Banner slowly shook his head. “The fed’s off to talk to an Indian girl and other sources he says he has, as if Indians are gonna tell a white FBI agent something important. We’ve got a gray Chevy pickup and a driver who maybe knows about the body, but most likely never heard of it. And we got a missing body. Ghosts, John. We’re chasin’ ghosts.”

5

T
he Toyota rolled down Old Wind River Highway on automatic pilot. Father John rested one gloved finger on the steering wheel’s rim. His thoughts were on the body, which had probably been dead close to twenty-four hours now, but no one had missed him, no one had called the police and said, “He hasn’t come home. I’m worried.” Nothing. What kind of life had he led to end up so alone?

The road veered sharply to the right, and Father John jammed on the brake pedal, fishtailing around the curve.

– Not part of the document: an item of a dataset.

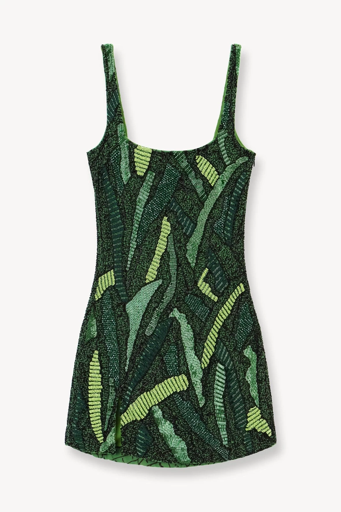 A fully hand-beaded mini dress with a right side leg slit, this style features an all-over palm leaf print in shiny bugle beads.

The wind sent a cloud of snow across the road ahead. He gripped the wheel with both hands, holding it steady through the whiteness and out the far side into the daylight. Another half mile, and he turned into the driveway at Joe Deppert’s place.

An uneasy feeling came over him as he slid out of the cab. Mounds of untrampled snow lay over the driveway and banked against the logs piled beside the wood fence. The open door of a tin shed creaked in the wind. The gray frame house looked empty, with the indoor shades pulled halfway down the front windows.

The door swung open just as he was about to knock. In the shadows stood Deborah Deppert, somewhere in her eighties, with hooded black eyes and gray hair
curled around her head like a helmet. He might have knocked at any house on the reservation and found an elderly women like her, in a printed housedress with an apron cinching her waist, socks rolled at her ankles, and swollen arthritic feet in pink bedroom slippers.

“Hello, Grandmother.” He used the Arapaho term of respect and remained in place outside. It was not polite to appear as if he even wished to enter the home until he had been invited to do so.

“Well, Father John.” There was a note of surprise in the old woman’s voice. “What you doin’ out in the cold? Come on in.”

He stepped into a small room with gray daylight filtering below the window shades. He waited as Deborah set the door closed behind him. The air smelled of wood smoke and some pungent medicinal odor, like camphor or analgesic. To the right was a double bed with a star quilt spread over the top. In the center of the room stood a round oak table and a couple of wood chairs, and beyond, an arched doorway that led to the kitchen.